'''

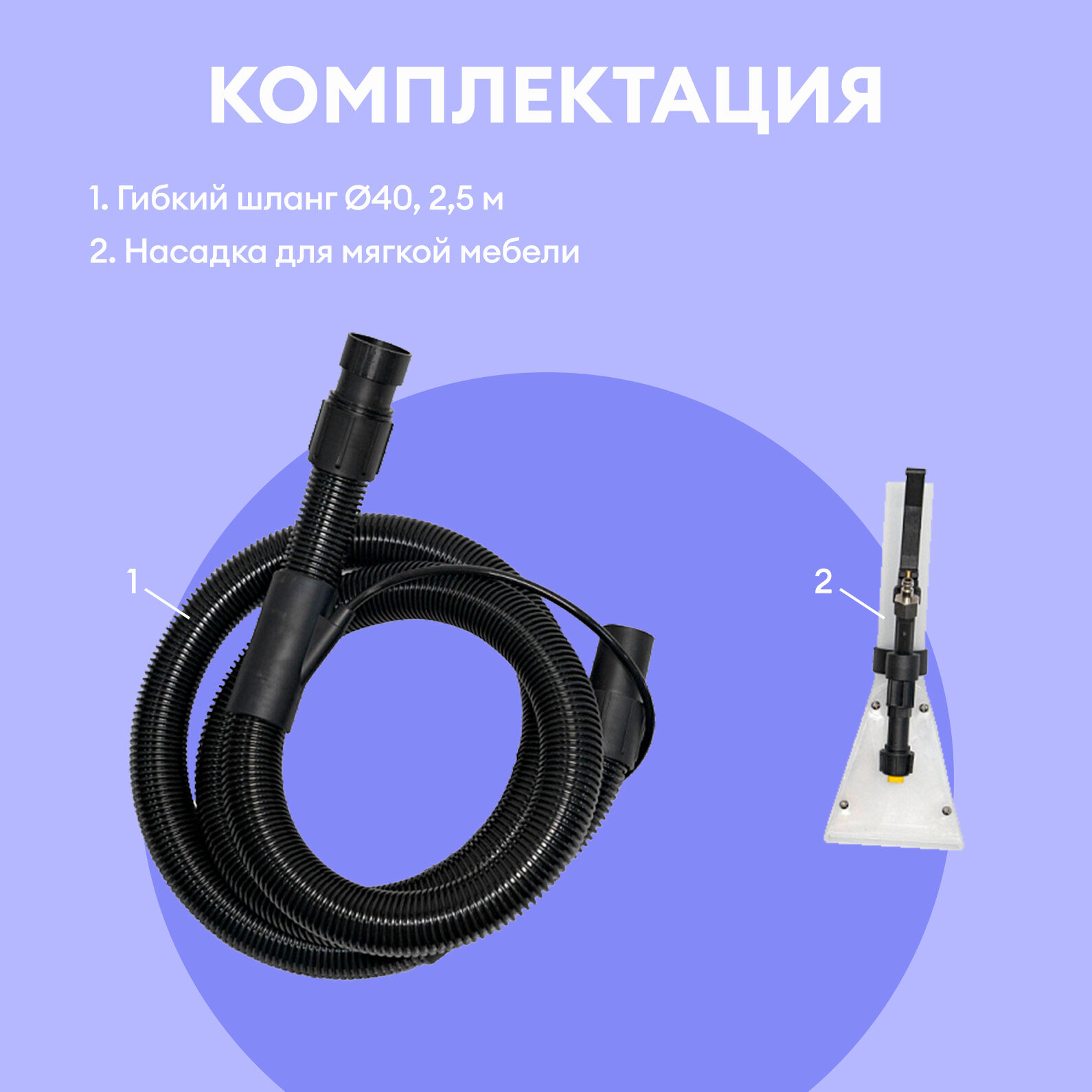 - комплектация: гибкий шланг, насадка для мебели, маленькая насадка, круглая щетка и узкая насадка.
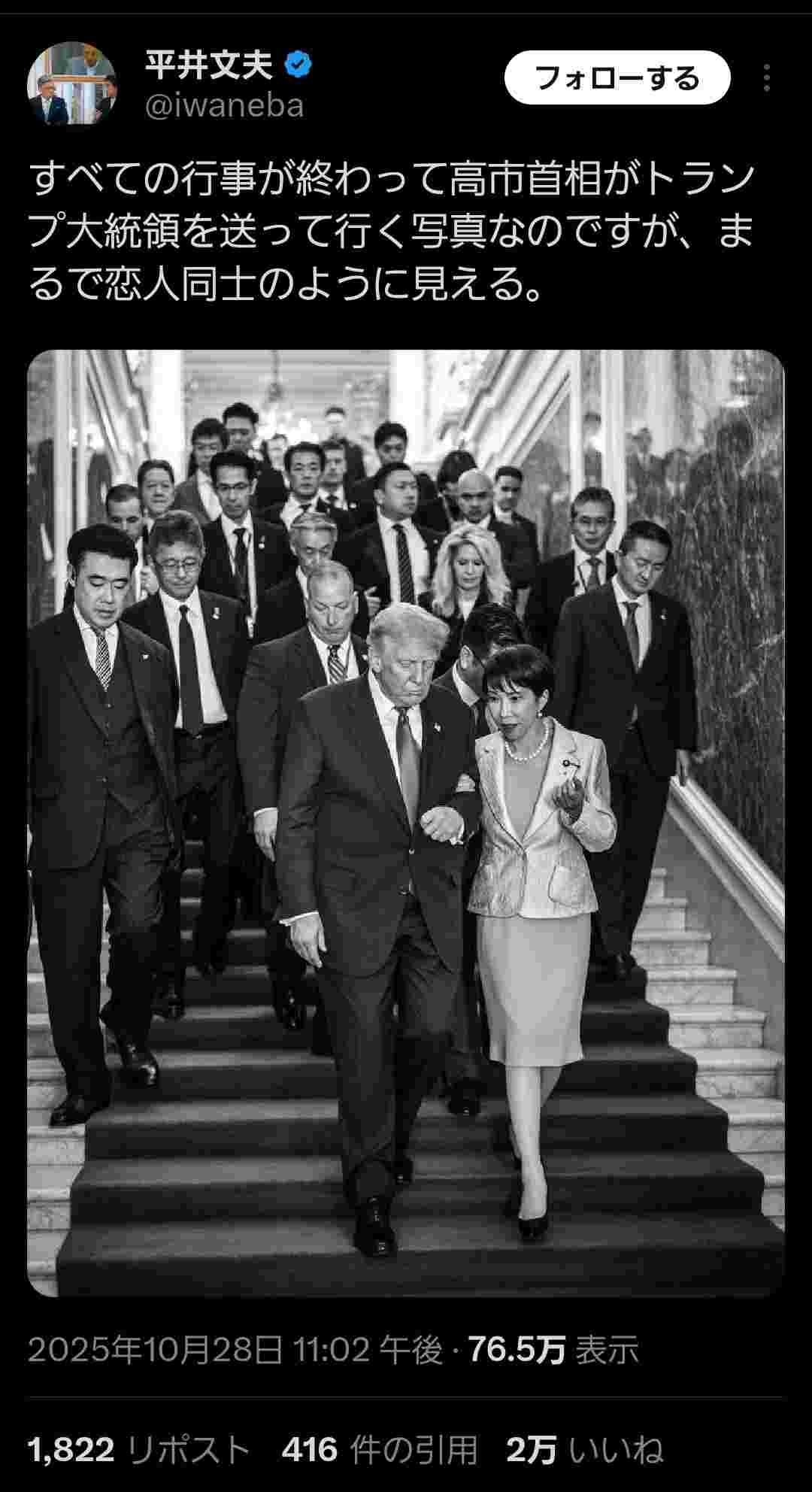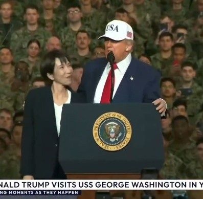 トランプの横でぴょんぴょん飛び跳ねてキャッキャしてんのが64才のBBAで日本の総理大臣って世界のニュース映像として強烈だよなw
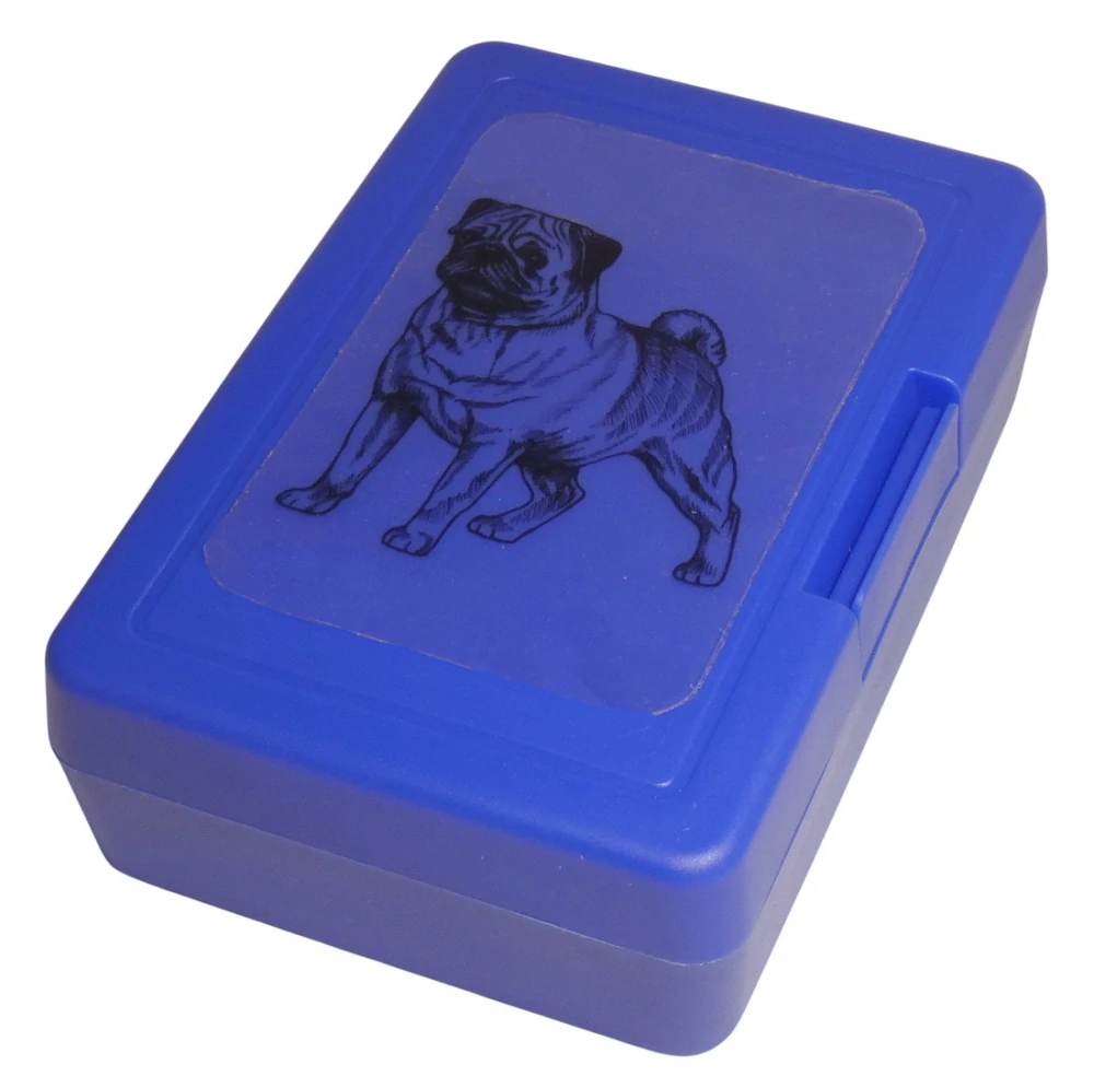Plastový svačinový box s potiskem mopse (pug). Vhodný k uložení nejen klasické svačiny, ale i dalších potravin jako např. sušeného ovoce a oříšků, sušenek a jiných dobrot. Svou velikostí je velmi vhodný dětem do školních aktovek a batohů, do školy i na výlety.
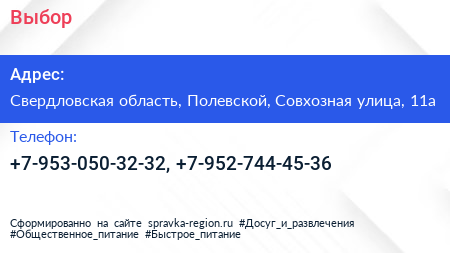 Выбор по адресу Свердловская область, Полевской, Совхозная улица, 11а в дальнейшем Организация, размещена в следующих категориях:
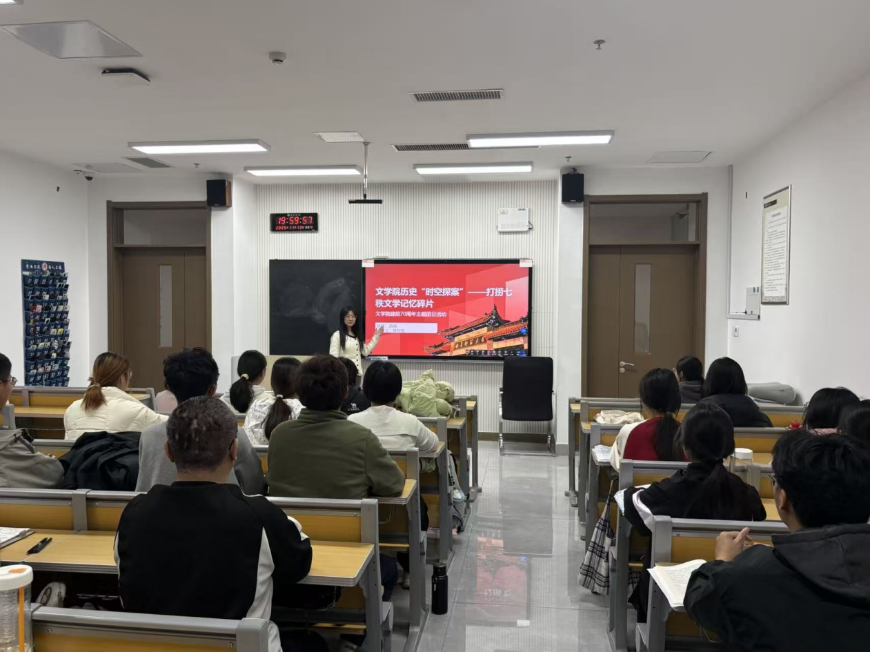 文脉悠远,薪火相传。各团支部依托多元形式,引导同学们深入感知学院七十载的深厚积淀与精神传承。2024级2班、6班、9班及2025级1班、3班、7班团支部组织观看了院史宣传片与纪录片,共同追溯学院自1955年建院以来的发展历程与学术成就,直观体悟“弘文励教,守正创新”的办学精神;2024级1班、2班、4班及2025级1班、2班、3班、6班团支部分别举办了“文脉溯源”“时空探案”等主题班会,通过梳理学科脉络、讲述名师故事,串联起七十年学术发展与学子风华,深化对学院文脉的理解。

'''

Action item — Leave out the pictures, then copy all the remaining text in the records exactly.

Reply to the task —
 - комплектация: гибкий шланг, насадка для мебели, маленькая насадка, круглая щетка и узкая насадка.
 トランプの横でぴょんぴょん飛び跳ねてキャッキャしてんのが64才のBBAで日本の総理大臣って世界のニュース映像として強烈だよなw
Plastový svačinový box s potiskem mopse (pug). Vhodný k uložení nejen klasické svačiny, ale i dalších potravin jako např. sušeného ovoce a oříšků, sušenek a jiných dobrot. Svou velikostí je velmi vhodný dětem do školních aktovek a batohů, do školy i na výlety.
 Выбор по адресу Свердловская область, Полевской, Совхозная улица, 11а в дальнейшем Организация, размещена в следующих категориях:
 文脉悠远,薪火相传。各团支部依托多元形式,引导同学们深入感知学院七十载的深厚积淀与精神传承。2024级2班、6班、9班及2025级1班、3班、7班团支部组织观看了院史宣传片与纪录片,共同追溯学院自1955年建院以来的发展历程与学术成就,直观体悟“弘文励教,守正创新”的办学精神;2024级1班、2班、4班及2025级1班、2班、3班、6班团支部分别举办了“文脉溯源”“时空探案”等主题班会,通过梳理学科脉络、讲述名师故事,串联起七十年学术发展与学子风华,深化对学院文脉的理解。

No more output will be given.